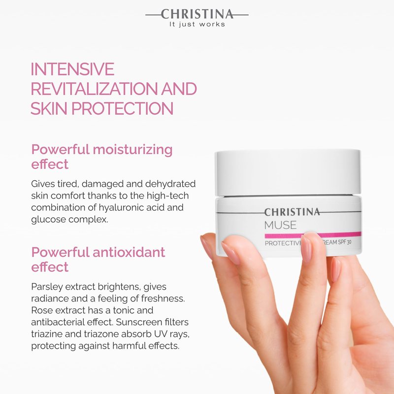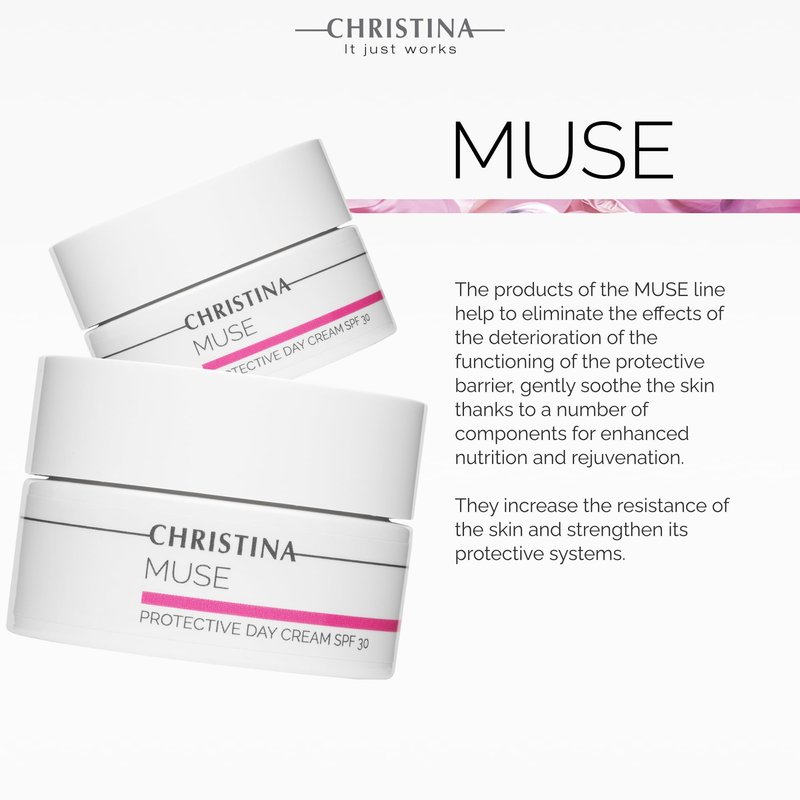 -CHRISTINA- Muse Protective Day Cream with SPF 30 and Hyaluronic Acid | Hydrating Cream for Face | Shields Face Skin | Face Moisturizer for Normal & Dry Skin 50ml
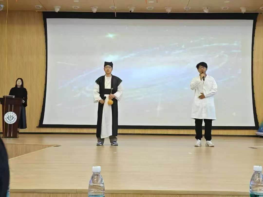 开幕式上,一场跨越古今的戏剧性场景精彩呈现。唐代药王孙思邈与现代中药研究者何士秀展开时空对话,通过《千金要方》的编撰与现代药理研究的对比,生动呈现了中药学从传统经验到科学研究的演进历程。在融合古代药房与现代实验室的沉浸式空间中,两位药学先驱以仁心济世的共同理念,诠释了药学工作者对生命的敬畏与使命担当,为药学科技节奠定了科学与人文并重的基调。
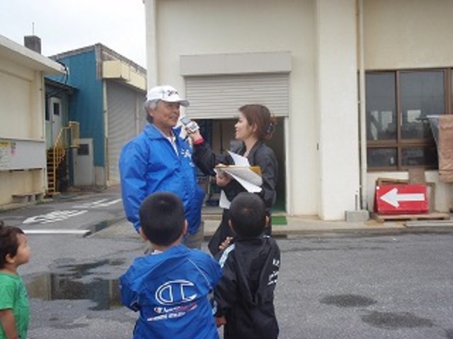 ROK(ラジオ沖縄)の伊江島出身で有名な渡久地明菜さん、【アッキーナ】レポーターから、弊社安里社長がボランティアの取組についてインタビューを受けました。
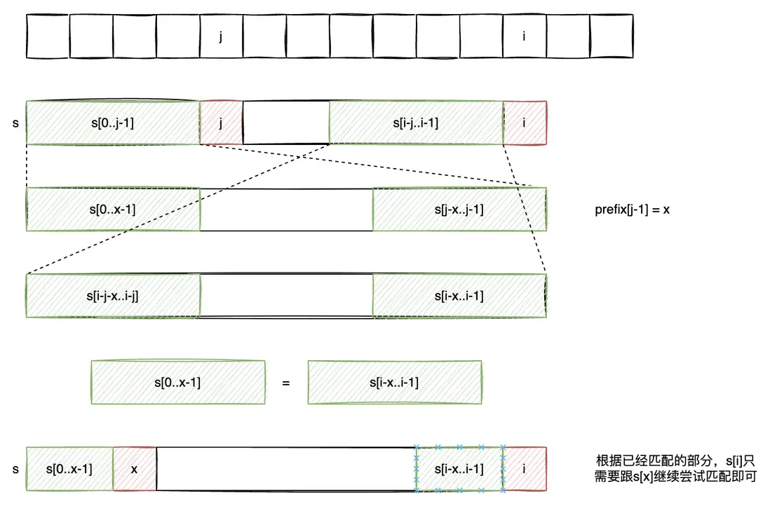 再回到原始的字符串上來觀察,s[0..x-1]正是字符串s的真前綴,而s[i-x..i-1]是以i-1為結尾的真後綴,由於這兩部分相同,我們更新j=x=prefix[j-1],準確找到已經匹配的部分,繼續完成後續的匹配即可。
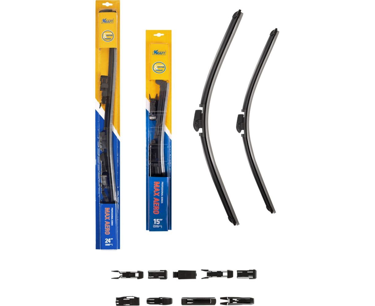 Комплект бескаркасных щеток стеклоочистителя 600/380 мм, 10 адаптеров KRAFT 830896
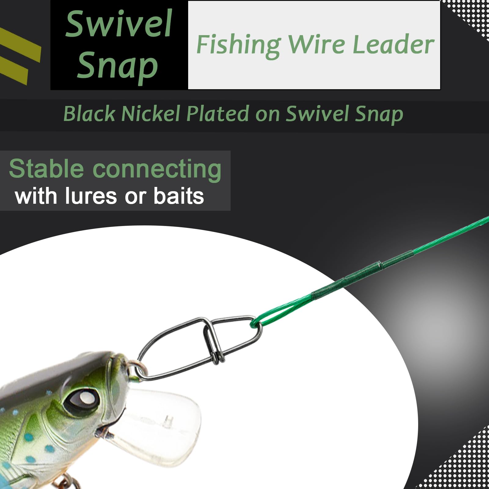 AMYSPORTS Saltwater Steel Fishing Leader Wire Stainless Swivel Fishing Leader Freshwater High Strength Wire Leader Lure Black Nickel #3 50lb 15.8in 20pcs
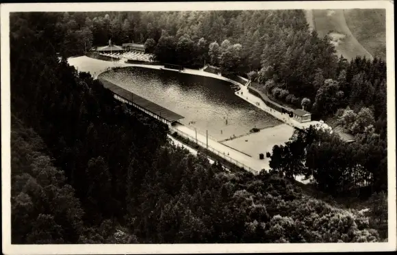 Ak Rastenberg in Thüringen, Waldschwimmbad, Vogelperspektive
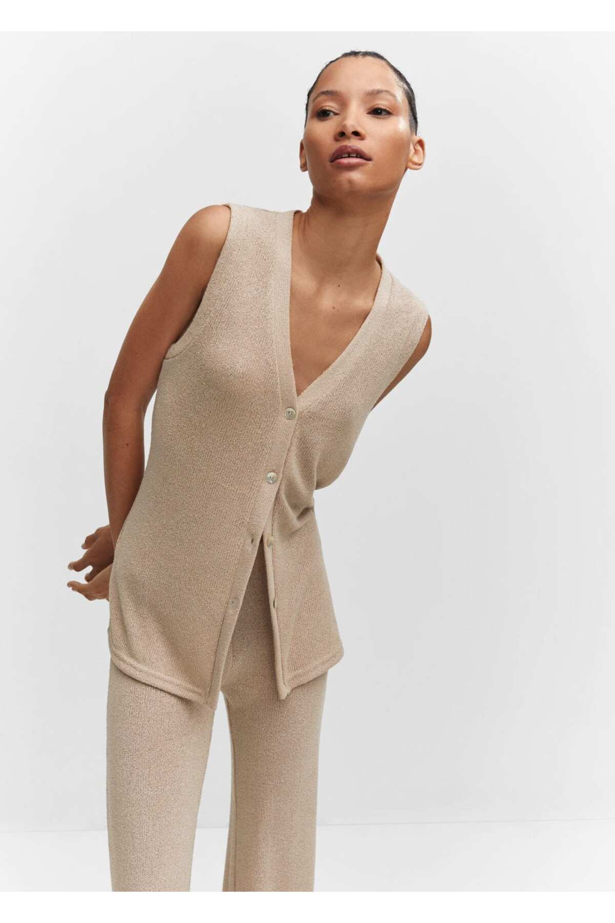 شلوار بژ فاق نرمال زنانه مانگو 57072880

************

WHAT YOU SHOULD DO
Starting with the line that holds "ROK(ラジオ沖縄)の伊江島", reproduce exactly each line up to and including the last line of the material above, and drop the pictures.

TASK ANSWER
 ROK(ラジオ沖縄)の伊江島出身で有名な渡久地明菜さん、【アッキーナ】レポーターから、弊社安里社長がボランティアの取組についてインタビューを受けました。
 再回到原始的字符串上來觀察,s[0..x-1]正是字符串s的真前綴,而s[i-x..i-1]是以i-1為結尾的真後綴,由於這兩部分相同,我們更新j=x=prefix[j-1],準確找到已經匹配的部分,繼續完成後續的匹配即可。
 Комплект бескаркасных щеток стеклоочистителя 600/380 мм, 10 адаптеров KRAFT 830896
 AMYSPORTS Saltwater Steel Fishing Leader Wire Stainless Swivel Fishing Leader Freshwater High Strength Wire Leader Lure Black Nickel #3 50lb 15.8in 20pcs
 Ak Rastenberg in Thüringen, Waldschwimmbad, Vogelperspektive
 شلوار بژ فاق نرمال زنانه مانگو 57072880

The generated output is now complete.